Irkçıları yoksullar mı seçiyor?

Irkçıları yoksullar mı seçiyor?

Bu köşe yazısı 30 Eylül 2017 tarihli Yeni Özgür Politika ve Özgürlükçü Demokrasi gazetelerinde yayımlanmıştır.

Çarşamba günü yayımlanan seçim analizimize bazı itirazlar geldi. Kimi istatistiki verileri temel alan itirazlarda, »AfD’ye yoksulların oturduğu mahallelerde en fazla oy çıktığına« dikkat çekiliyor. Burjuva medyasının yorumlarına ve istatistiklerine şüphe ile yaklaşmak gereğini unutmadan, yoksul ve işsizlerden de AfD’ye oy verildiğini elbette söyleyebiliriz. Ama, »AfD’yi çoğunlukla yoksullar seçti« iddiası doğru mu? Bu iddiayı bir irdeleyelim.

Arka plana bakmadan önce araştırma enstitülerinin sayılarına bakalım: »Forschungsgruppe Wahlen« verilerine göre işçilerin yüzde 19’u, hizmetlilerin yüzde 11’i, çalışanların yüzde 5’i, işsizlerin yüzde 7’si ve emeklilerin yüzde 4’ü AfD’yi seçmiş. Örneğin Die Linke işsizlerin yüzde 21’inden oy almış. Öğrenim durumuna baktığımızda düşük eğitimlilerin yüzde 17’si ve yüksek öğrenimlilerin yüzde 9’u AfD’ye oy vermiş. AfD seçmenlerinin ezici çoğunluğu erkek ve 30-65 yaş grubundan.

Sadece bu sayılar yoksulların çoğunlukla AfD’yi seçtiği iddiasını çürütüyor. Yoksul ve işsizlerin yoğun olduğu seçim bölgelerindeki düşük katılım oranlarını dikkate almazsanız, bu iddiaya inanabilirsiniz.
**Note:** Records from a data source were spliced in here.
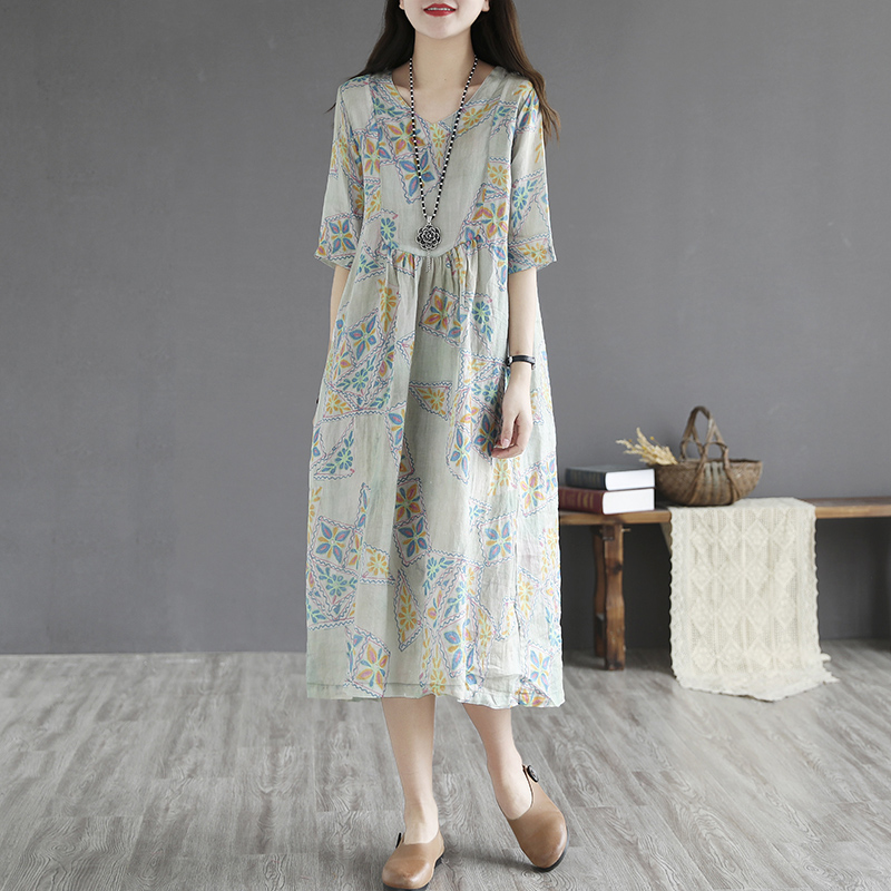 夏季新款苎麻V领碎花连衣裙女装文艺宽松显瘦透气中长款短袖裙子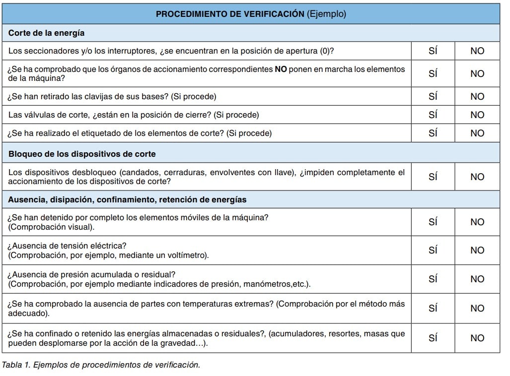 Es recomendable disponer de un procedimiento de trabajo personalizado para cada máquina y facilitado por el fabricante de la misma o elaborado con la ayuda de las indicaciones incluidas en su manual de instrucciones, que defina de forma clara y sin ambigüedades, la secuencia de acciones a llevar a cabo para la retirada o el confinamiento de las energías de una máquina. En la tabla 1 se indican, a modo de ejemplo, algunos de los puntos que deberían ser comprobados y registrados, cuando proceda, según el equipo del que se trate: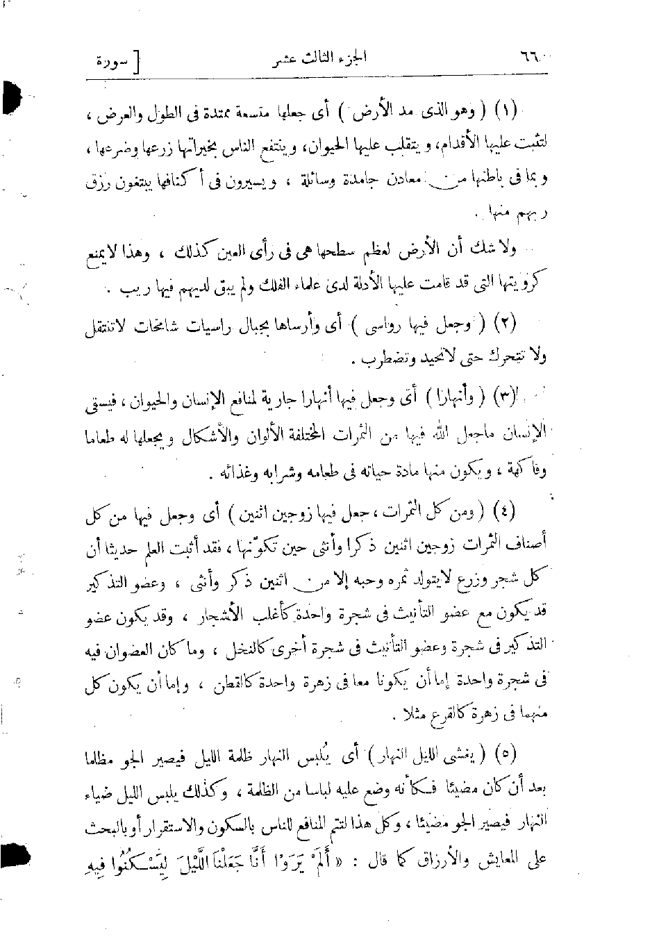 (1) (وَهُوَ الَّذِي مَدَّ الْأَرْضَ) أي جعلها متسعة ممتدة فى الطول والعرض، لتثبت عليها الأقدام، ويتقلب عليها الحيوان، وينتفع الناس بخيراتها زرعها وضرعها، وبما فى باطنها من معادن جامدة وسائلة، ويسيرون فى أكنافها يبتعون رزق ربهم منها.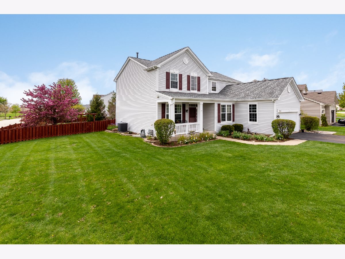 Huge, beautifully landscaped corner lot in Montgomery. At this home you are greeted by its charming front porch and entryway which leads into your contemporary floor plan. The 2-story foyer opens up to the formal living and dining rooms, graciously into the kitchen and has sightlines to the upstairs. The open concept kitchen offers 42" cherry cabinets with outlets on top for additional lighting, recessed lighting, pantry, black appliances, center island, pendant lighting and dining area that has sliding glass doors to the patio. Flowing right into the family room - all set with surround sound speakers. Other great features on the first floor are the office, powder room and laundry room. Upstairs you have a cozy loft for reading, the master bedroom and the private bath - double vanity, jetted tub and separate shower, the 3 additional bedrooms share the full, hall bath. The basement has the same footprint as the first floor and is unfinished - so much room for storage and additional build-outs. Your outdoor space is gorgeous - a brick paver patio, elegant lighting, two semi-circle areas for dining and seating plus a firepit. The fully fenced yard (stained 2020) is lush with flowering trees, evergreens and other mature landscaping. The most notable updates are Interior/Exterior paint (2020), all rooms re-carpeted (2020), Garbage Disposal (2020), Roof (2019), HVAC with Humidifier (2019), newer Sump Pump, passive Radon System. Most furniture in the home is negotiable; all window treatments stay. The large neighborhood allows for endless walks and bike rides; Stuart Sports Complex and Dog Park is a 5-minute drive (2.7 miles), Orchard Valley Golf Course (6.8 miles). Yorkville School District 115.

Aslında bu iddia, ırkçılığın, milliyetçiliğin ve Hitler faşizmine özenen muhafazakârlığın F. Alman toplumun tam ortasında yerleşik ve ırkçılığı körükleyen asıl nedenin neoliberal uygulamalar ile ırkçı ve ayırımcı göçmen politikaları olduğu gerçeğinin üstünü örtmeye yarayan bir burjuva demagojisidir.
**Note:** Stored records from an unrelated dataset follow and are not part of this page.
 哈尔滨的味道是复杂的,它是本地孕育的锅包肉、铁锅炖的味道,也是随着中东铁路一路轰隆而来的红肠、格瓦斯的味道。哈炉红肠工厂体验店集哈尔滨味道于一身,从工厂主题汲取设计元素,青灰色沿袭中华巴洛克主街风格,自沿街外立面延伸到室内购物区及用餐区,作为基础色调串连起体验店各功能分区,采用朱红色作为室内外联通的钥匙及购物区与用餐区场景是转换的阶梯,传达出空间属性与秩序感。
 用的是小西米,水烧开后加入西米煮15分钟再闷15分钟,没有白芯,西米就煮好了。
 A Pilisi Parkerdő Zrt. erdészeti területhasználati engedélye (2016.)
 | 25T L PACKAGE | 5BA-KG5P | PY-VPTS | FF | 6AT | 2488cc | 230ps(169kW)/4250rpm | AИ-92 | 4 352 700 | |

Burjuva medyası ve partileri onlarca yıldır, »Weimar Cumhuriyeti deneyimleri, ekonomik krizlerin ve yüksek işsizliğin demokrasiyi tehdit eden partileri teşvik ettiğini kanıtladı« biçiminde özetlenebilecek bir görüşü yaygınlaştırmaya çalıştılar. Arkasında yatan temel neden ise, faşizmin »demokrasinin işleyişinde bir aksaklık« değil, kapitalizmin bir sonucu olduğu gerçeğini gizlemekti. Nitekim bugün bu iddia da çürümüştür, çünkü ekonomik büyümenin rekor kırdığı, resmî işsizlik oranlarının düştüğü ve insanların kişisel ve ekonomik durumlarından hayli memnun oldukları bir dönemde AfD gibi ırkçı ve faşist bir parti böylesine oy oranlarına kavuşabilmiştir.
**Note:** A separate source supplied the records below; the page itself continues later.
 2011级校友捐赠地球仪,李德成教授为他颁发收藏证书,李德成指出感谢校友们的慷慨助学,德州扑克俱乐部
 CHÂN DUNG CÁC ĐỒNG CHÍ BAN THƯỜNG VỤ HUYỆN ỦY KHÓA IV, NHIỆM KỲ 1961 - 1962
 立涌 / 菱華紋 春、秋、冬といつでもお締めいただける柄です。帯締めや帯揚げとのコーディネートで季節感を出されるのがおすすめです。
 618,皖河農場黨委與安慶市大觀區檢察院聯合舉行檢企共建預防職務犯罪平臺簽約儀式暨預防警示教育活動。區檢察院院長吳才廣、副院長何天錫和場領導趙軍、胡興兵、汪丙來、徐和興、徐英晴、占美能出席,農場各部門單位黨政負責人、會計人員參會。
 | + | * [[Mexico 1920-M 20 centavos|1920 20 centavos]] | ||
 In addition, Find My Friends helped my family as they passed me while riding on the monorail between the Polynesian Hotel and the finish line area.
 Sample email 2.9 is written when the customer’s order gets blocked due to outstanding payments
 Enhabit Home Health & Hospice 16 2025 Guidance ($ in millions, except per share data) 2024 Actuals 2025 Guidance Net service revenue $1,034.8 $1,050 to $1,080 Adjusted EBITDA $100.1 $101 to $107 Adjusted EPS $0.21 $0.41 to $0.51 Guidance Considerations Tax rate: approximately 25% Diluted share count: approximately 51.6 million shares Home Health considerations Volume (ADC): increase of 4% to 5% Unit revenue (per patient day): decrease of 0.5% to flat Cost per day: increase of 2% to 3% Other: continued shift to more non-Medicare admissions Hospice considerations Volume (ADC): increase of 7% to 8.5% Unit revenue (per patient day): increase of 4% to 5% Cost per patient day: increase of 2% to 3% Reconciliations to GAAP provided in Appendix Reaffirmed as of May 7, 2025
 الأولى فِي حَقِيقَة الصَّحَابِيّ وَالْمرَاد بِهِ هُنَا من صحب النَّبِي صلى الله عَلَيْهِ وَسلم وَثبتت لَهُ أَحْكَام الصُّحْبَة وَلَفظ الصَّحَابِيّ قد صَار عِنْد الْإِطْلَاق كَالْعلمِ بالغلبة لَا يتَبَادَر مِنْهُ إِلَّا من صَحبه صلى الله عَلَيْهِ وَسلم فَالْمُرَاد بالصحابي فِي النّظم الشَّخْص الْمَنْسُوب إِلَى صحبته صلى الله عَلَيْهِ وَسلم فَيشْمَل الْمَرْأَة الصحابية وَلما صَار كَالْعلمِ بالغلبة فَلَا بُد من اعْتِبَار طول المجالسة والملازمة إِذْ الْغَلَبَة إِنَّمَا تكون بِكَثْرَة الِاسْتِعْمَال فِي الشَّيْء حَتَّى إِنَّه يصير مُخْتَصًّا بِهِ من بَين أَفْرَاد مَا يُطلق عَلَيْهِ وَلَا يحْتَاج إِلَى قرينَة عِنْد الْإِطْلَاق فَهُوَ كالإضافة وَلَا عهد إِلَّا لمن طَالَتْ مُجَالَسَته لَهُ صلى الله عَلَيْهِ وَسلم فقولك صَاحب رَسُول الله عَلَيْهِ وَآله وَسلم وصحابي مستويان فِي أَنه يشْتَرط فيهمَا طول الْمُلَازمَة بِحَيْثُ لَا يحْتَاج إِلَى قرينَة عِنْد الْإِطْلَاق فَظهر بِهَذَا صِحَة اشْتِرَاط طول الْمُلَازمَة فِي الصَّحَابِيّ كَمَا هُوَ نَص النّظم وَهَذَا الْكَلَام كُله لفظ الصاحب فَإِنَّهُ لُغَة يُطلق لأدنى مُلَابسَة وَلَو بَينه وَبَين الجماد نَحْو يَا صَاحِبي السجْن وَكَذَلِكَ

Refah şovenizminin çoğunluk toplumunun köklerine işlediği günümüz F. Almanya’sı 2015’deki »mülteciler krizi« ile ırkçı, göçmen düşmanı ve faşist yaklaşımların önündeki setleri yıkan bir toplumsal iklim ile tanıştı. Neoliberal politikaların yol açtığı sosyal devlet erozyonu, Hartz Yasaları ile iyi geliri olanların dahi kısa zamanda yoksulluk sınırına düşme olasılığının artması, burjuva partilerinin birbirleri arasındaki farkları sıfırlayan elitizmleri ve seçim ile siyaset değişikliği olamayacağı algısının yaygınlaşması, yabancılaşan küçük burjuva kesimleri ve fabrikalardaki çekirdek işçi kadrolarını onlarca yıldır var olan neofaşist yaklaşımların yanına çekti.

Sonuç itibariyle AfD’yi ortaya çıkaran da, büyüten de ve şimdi parlamenter varlığını kendi lehine kullanmaya hazırlanan da F. Alman emperyalizmi ve taşıyıcısı olan tekelci burjuvazisidir. Kapitalizm, faşizmin alternatifi değil, tetikleyicisidir. F. Almanya seçimleri tek çıkış yolunun dün olduğu gibi, bugün ve yarın da işçi sınıfının iktidarı, sosyalizm olduğunu kanıtlamıştır.